Я побежал, побежал быстрее ветра куда глаза глядят, не обращая внимания ни на кого вокруг. Дыхание сбивалось и грудная клетка очень быстро наполнилась болью, но остановился я лишь тогда, когда оказался у озера, окруженного деревьями. Мы с отцом часто ходили туда рыбачить и я один любил иногда посидеть на берегу и послушать о чем шепчет вода. Я кричал и рыдал в голос, меня вряд ли кто-то слышал, а даже и были слушатели, было наплевать. Кошмар осознания от увиденного накатывал волнами, у меня тряслись руки и ноги, даже один раз вырвало.

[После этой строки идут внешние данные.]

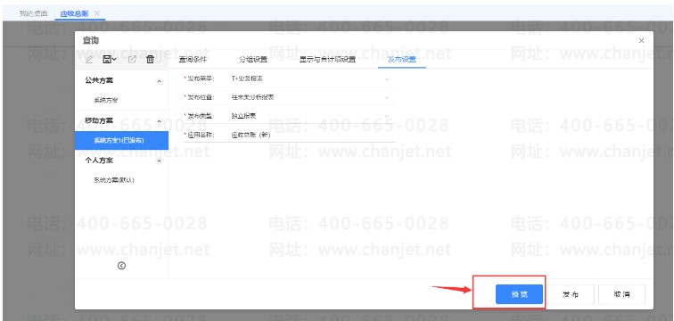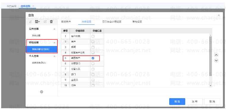 需要将发布到移动端的查询条件-分组设置改成勾结算客户再发布查看

Я просидел у озера всю ночь и пошел домой, едва на небе забрезжил рассвет. Дома меня встретила насмерть перепуганная мама, от которой пахло сердечными каплями, и бледный отец, на голове которого прибавилось седины. Я упал в мамины объятия и пока слушал, о чем она сбивчиво рассказывала тонким, натянутым от нервного напряжения голосом, у меня перед глазами стояла большая белая собака и кровавая каша под ее лапами. Мама говорила, что в соседнем доме произошло ужасное: семью так хорошо знакомых нам Чахотки и Бешеного превратили в фарш, злоумышленников никто не видел, никаких улик нет и в мое долгое отсутствие родители начали думать о том, что я никогда не вернусь. Я сначала было подумал, что кто-то да видел как я входил в квартиру, но за все время расследования дела не было ни одного свидетеля. Думал, что наверняка было слышно как кричали от боли эти люди, когда их рвали на части. Тщетно. Дело застопорилось.

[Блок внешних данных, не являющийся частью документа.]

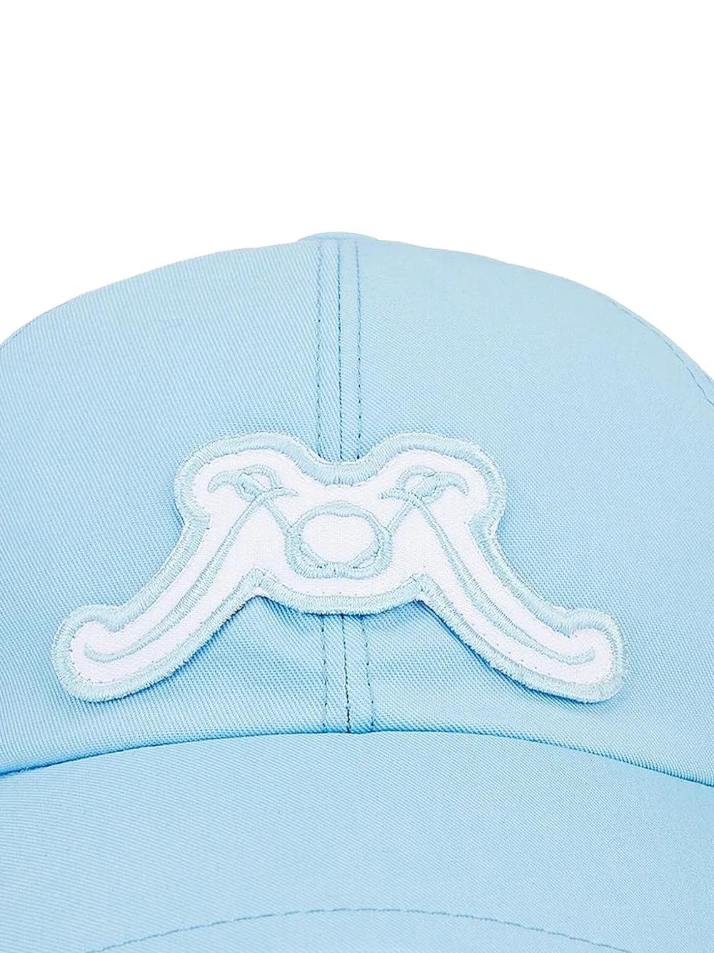 sky blue adjustable strap to the rear curved peak fabric-covered button at the crown

Несмотря на то, что переезжать нам больше было не нужно, родители все же решили выбираться из этого места. Вплоть до отъезда я не общался ни с кем, кроме хозяина Герды. Он умер от сердечного приступа через месяц после бойни в доме напротив. Ребята, с которыми я общался, "борцы за справедливость", стыдливо опускали глаза, если видели меня на улице, сторонились в школе. За партой я всегда сидел один. Да и мне было все равно.


Перед отъездом я пошел на то место, где была захоронена Герда. Я сел на траву, погладил выпирающий из земли холмик и услышал негромкое тявканье. Позади меня сидел смешной щенок с белоснежной пушистой шерстью. Мальчишка, как потом выяснилось и которого я забрал с собой. Непонятно почему, но я разревелся, подхватив на руки щенка и зарывшись лицом в его мягкий мех.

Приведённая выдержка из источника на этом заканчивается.